- _EXERCISE DETAILS_: Every line from the one holding "En la habitación" through the one holding "Shiota’s installation Stairway, 2012/2016, faces" in the data below must be returned exactly, both ends included, with pictures left out and nothing else added.

- _DATA SECTION_:
● ● ● ● ●
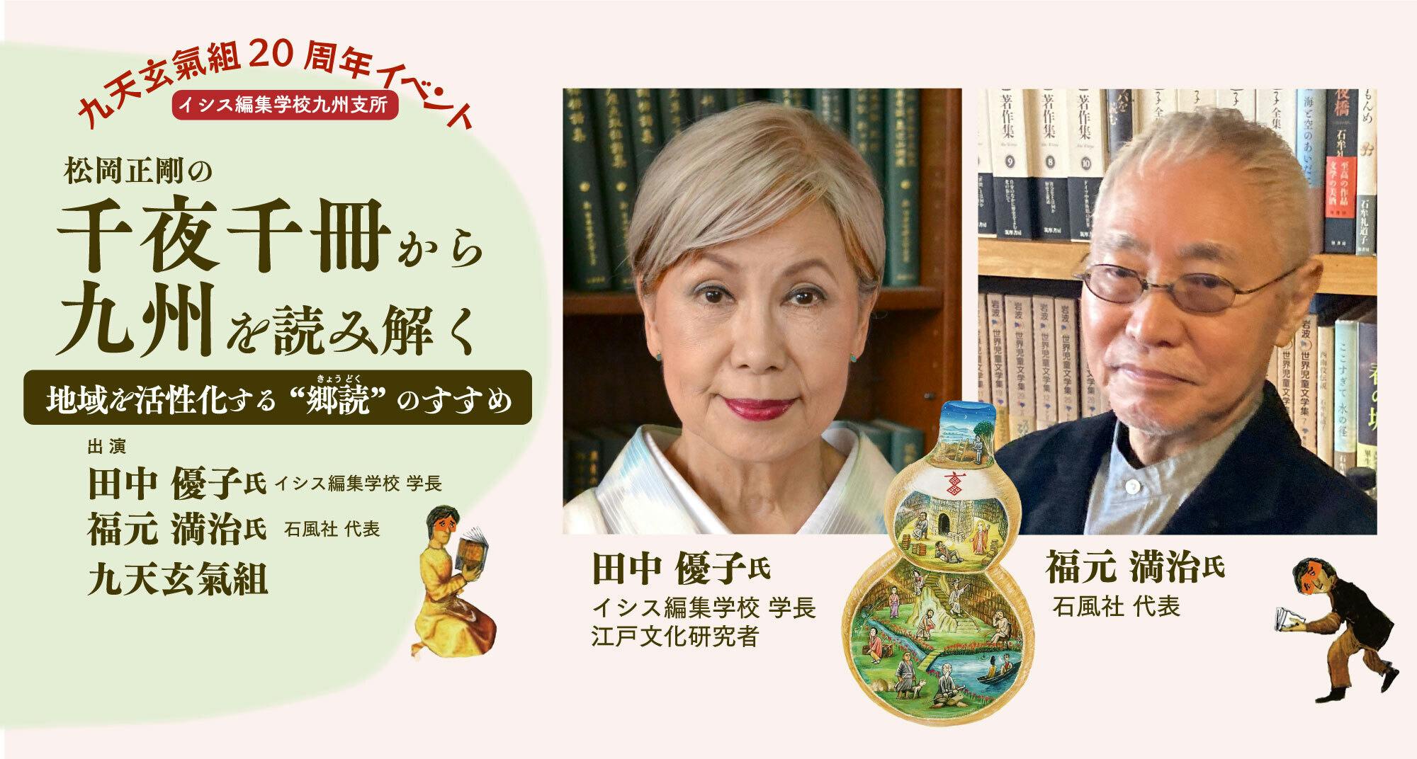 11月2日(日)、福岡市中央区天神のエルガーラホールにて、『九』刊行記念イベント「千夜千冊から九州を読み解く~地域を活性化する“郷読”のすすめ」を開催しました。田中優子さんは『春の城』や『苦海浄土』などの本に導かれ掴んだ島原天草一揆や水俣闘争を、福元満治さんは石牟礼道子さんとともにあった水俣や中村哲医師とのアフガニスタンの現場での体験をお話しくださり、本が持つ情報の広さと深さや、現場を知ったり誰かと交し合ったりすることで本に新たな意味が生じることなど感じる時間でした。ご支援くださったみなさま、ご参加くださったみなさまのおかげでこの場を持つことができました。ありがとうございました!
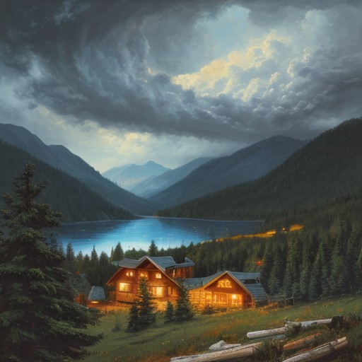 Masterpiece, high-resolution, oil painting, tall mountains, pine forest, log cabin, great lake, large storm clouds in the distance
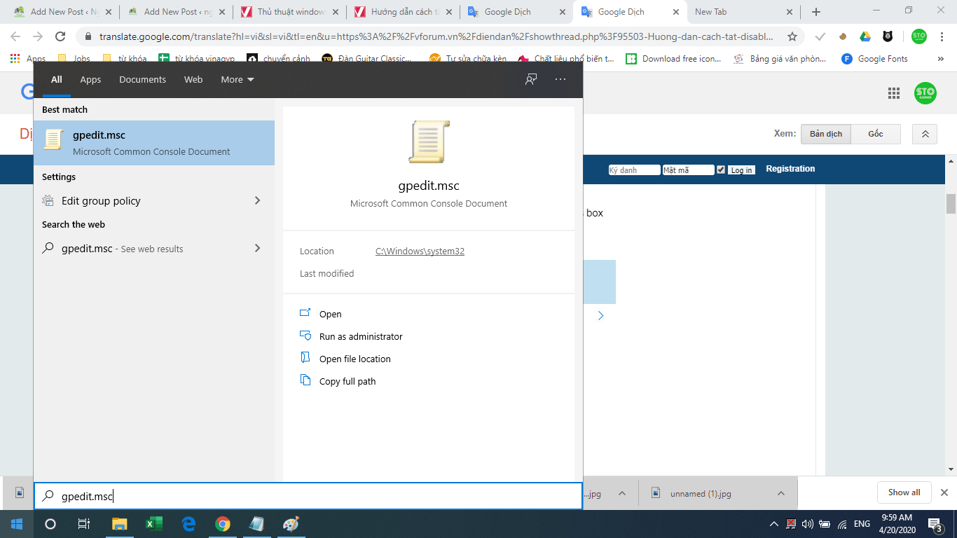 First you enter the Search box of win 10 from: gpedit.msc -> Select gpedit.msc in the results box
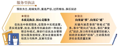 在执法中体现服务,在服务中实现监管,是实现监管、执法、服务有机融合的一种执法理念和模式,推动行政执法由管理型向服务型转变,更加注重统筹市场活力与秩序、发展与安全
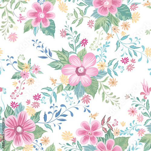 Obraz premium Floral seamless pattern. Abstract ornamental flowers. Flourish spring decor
● ● ● ● ●
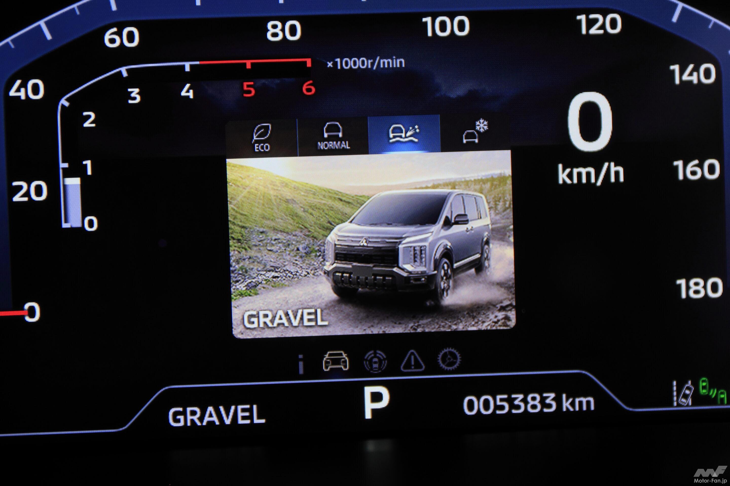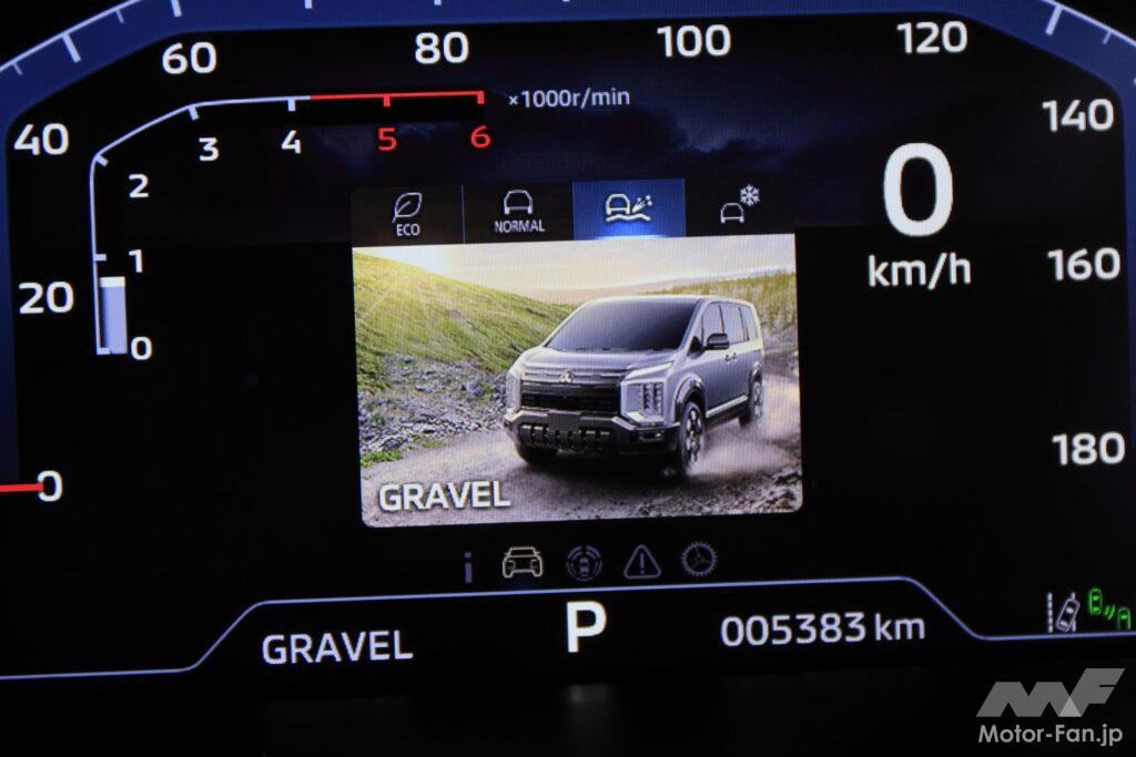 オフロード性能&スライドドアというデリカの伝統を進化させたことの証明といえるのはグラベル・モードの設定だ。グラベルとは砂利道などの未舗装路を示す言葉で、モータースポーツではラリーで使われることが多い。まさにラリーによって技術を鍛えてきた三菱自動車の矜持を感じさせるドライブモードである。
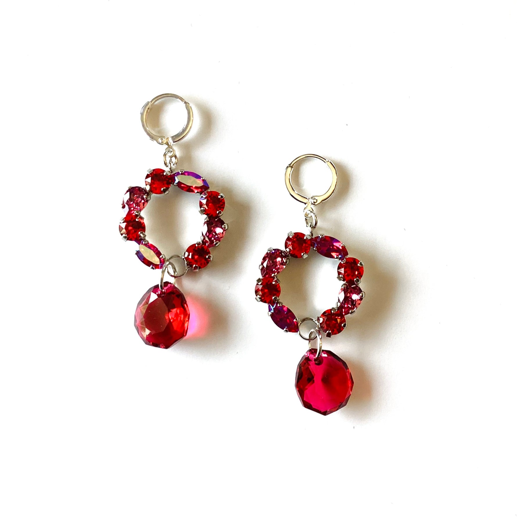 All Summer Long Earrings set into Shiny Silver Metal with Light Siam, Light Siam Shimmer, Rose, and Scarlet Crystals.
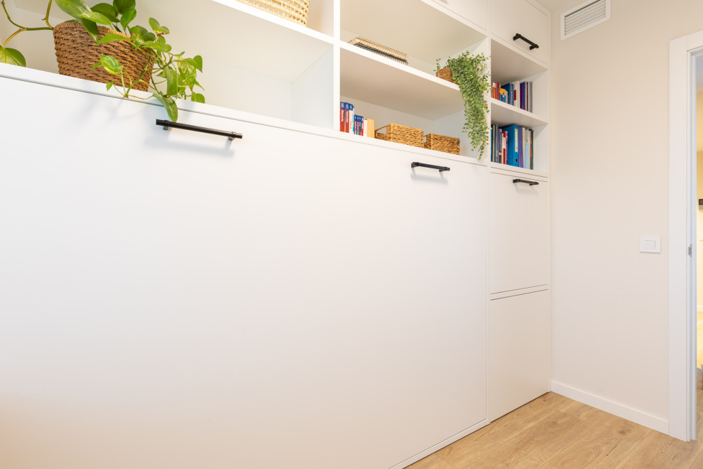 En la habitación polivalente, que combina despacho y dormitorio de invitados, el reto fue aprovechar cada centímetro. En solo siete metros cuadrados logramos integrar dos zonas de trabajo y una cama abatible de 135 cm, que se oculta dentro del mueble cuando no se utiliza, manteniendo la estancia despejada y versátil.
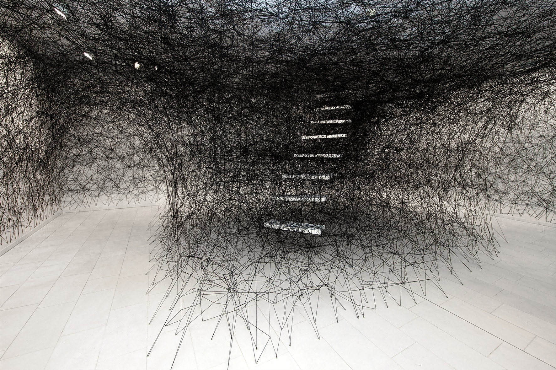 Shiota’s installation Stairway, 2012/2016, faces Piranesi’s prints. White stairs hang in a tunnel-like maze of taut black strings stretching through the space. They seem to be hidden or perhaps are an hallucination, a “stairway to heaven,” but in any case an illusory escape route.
● ● ● ● ●
- _RESPONSE TO THE TASK_:
 En la habitación polivalente, que combina despacho y dormitorio de invitados, el reto fue aprovechar cada centímetro. En solo siete metros cuadrados logramos integrar dos zonas de trabajo y una cama abatible de 135 cm, que se oculta dentro del mueble cuando no se utiliza, manteniendo la estancia despejada y versátil.
 Shiota’s installation Stairway, 2012/2016, faces Piranesi’s prints. White stairs hang in a tunnel-like maze of taut black strings stretching through the space. They seem to be hidden or perhaps are an hallucination, a “stairway to heaven,” but in any case an illusory escape route.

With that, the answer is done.